Background and Methodology
Many countries in Latin America and Caribbean use conditional cash transfer programmes with the objective of advancing sustainable human development, including poverty and disparity reduction. The government implemented, national ‘Juntos’ programme, in Peru is an example of such an initiative in the region. This programme, created in 2005, targets extremely poor families, with children younger than 14 years or with pregnant women. A monthly cash transfer of 100 Peruvian Soles (around US$ 32.50) is provided for a period of four years when these families comply with conditions related to health, nutrition, education and birth registration. The Peruvian government requested UNICEF and UNFPA to analyse perceptions of the population regarding: a) access of the most vulnerable families to the programme; b) use of the cash transfers; and c) behavioural change among the beneficiaries. Information was obtained through in-depth and semi-structured interviews among the various stakeholders in the implementation of the programme, as well as 24 focus group discussions, and observations within the six selected rural low income districts.

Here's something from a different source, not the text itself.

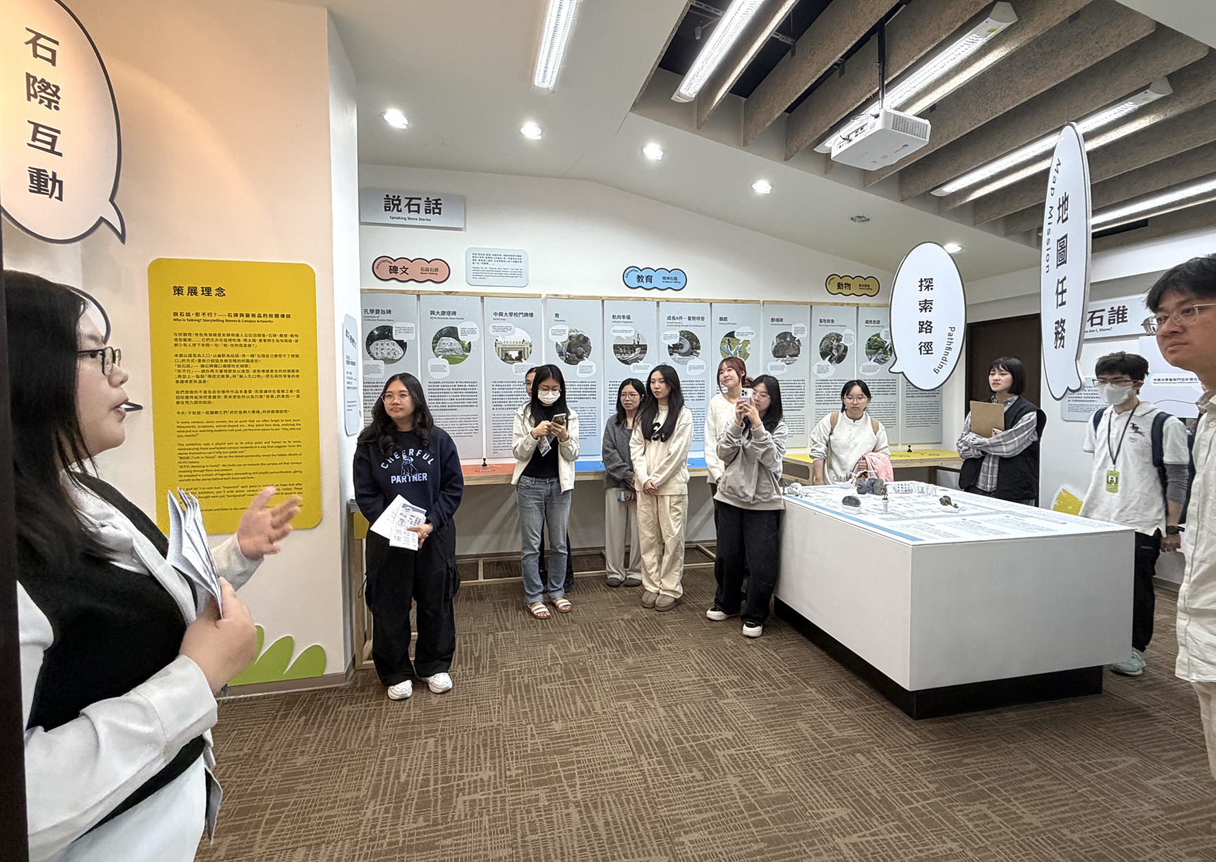 國立中興大學校史館於 12 月 22 日 正式推出全新特展 「說石話,形不行?—石碑與藝術品的校園傳說」。開展當日,校史館內吸引眾多校內師生與校外民眾前來參觀,現場氣氛熱絡。展覽開幕活動由文學院吳政憲院長、圖書館范耀中副館長及圖書資訊學研究所湯凱喻所長出席,共同為特展揭開序幕,肯定研究生團隊以創新策展形式重新詮釋校園文化資產的成果。參觀者依循展場地圖進行互動任務,透過閱讀展品故事、操作互動裝置與參與遊戲,逐步認識校園中常被忽略的石碑、雕塑與動物造型藝術。

In terms of access to the programme, it was found that indeed the poorest families are the beneficiaries, therefore demystifying the public perception that targeting is not appropriate. There is however, discontent with the targeting process and it is not understood why not all poor families benefit from the programme. The use of cash transfers is generally responsible and in line with the intention of the ‘Juntos’. Most funds are used for the purchase of food and, depending on the time in the year, on school materials, uniforms and shoes. There are only very few cases where funds were used for purposes other than intended. Also, in this case, the evaluation contradicted the public perception with clear evidence. It was also found, that the amount of cash transfer is not sufficient to generate substantial changes in living condition of beneficiaries. Benefiting families generally try to meet the conditions of the programme, primarily in order to continue receiving cash transfers, out of conviction that this is in the best interest of the child and the mother. There is, however, discomfort with the additional conditions that some local representatives require for enrollment. The evaluation also countered public opinion on misuse of ‘Juntos’ as the programme proves not to be substituting for regular salaries and conditions for enrolling in the programme (e.g. there are no women getting pregnant in order to be able to enroll in ‘Juntos’). Finally, it was found that the implementation of ‘Juntos’ is experiencing weak coordination between the various stakeholders, particularly at the local level. This evaluations demystifies all ‘myths’ regarding the programme, but confusion and disinformation on ‘Juntos’ remains among civil servants at national and local levels, as well as among beneficiaries of the programme and the population in general, as ‘Juntos’ is perceived as a form of social assistance, rather than as a tool for strengthening human capital and as a strategy for poverty reduction.
In order to create a better understanding of the programme, it is recommended to review the selection process for enrolment in ‘Juntos’ and to assess the possibility to enroll also the slightly less poor, in the case of very small communities in order to avoid conflict among beneficiaries and no-beneficiaries. It would also be useful to have a more in-depth understanding of the characteristics of the beneficiaries in order to propose more culturally sensitive conditions for enrolling. In relation to the implementation of the programme, it is suggested to improve coordination between the various sectors involved, and to create the conditions for better coordination and effectiveness at the local level. Strengthening the capacity of the local staff is highly recommended, especially to promote human rights perspectives among beneficiaries. Moreover, the additional conditions posed by some of the local staff should be closely monitored in order to avoid abuse of power by these officials. Finally, it would be highly beneficial to create a wider range of partners, such as civil society organizations, international cooperation partners and media, at national- and local - levels for the implementation of the programme. Together, with clearer and expanded communication efforts and messages, this will also further reduce the myths and misperceptions around ‘Juntos’.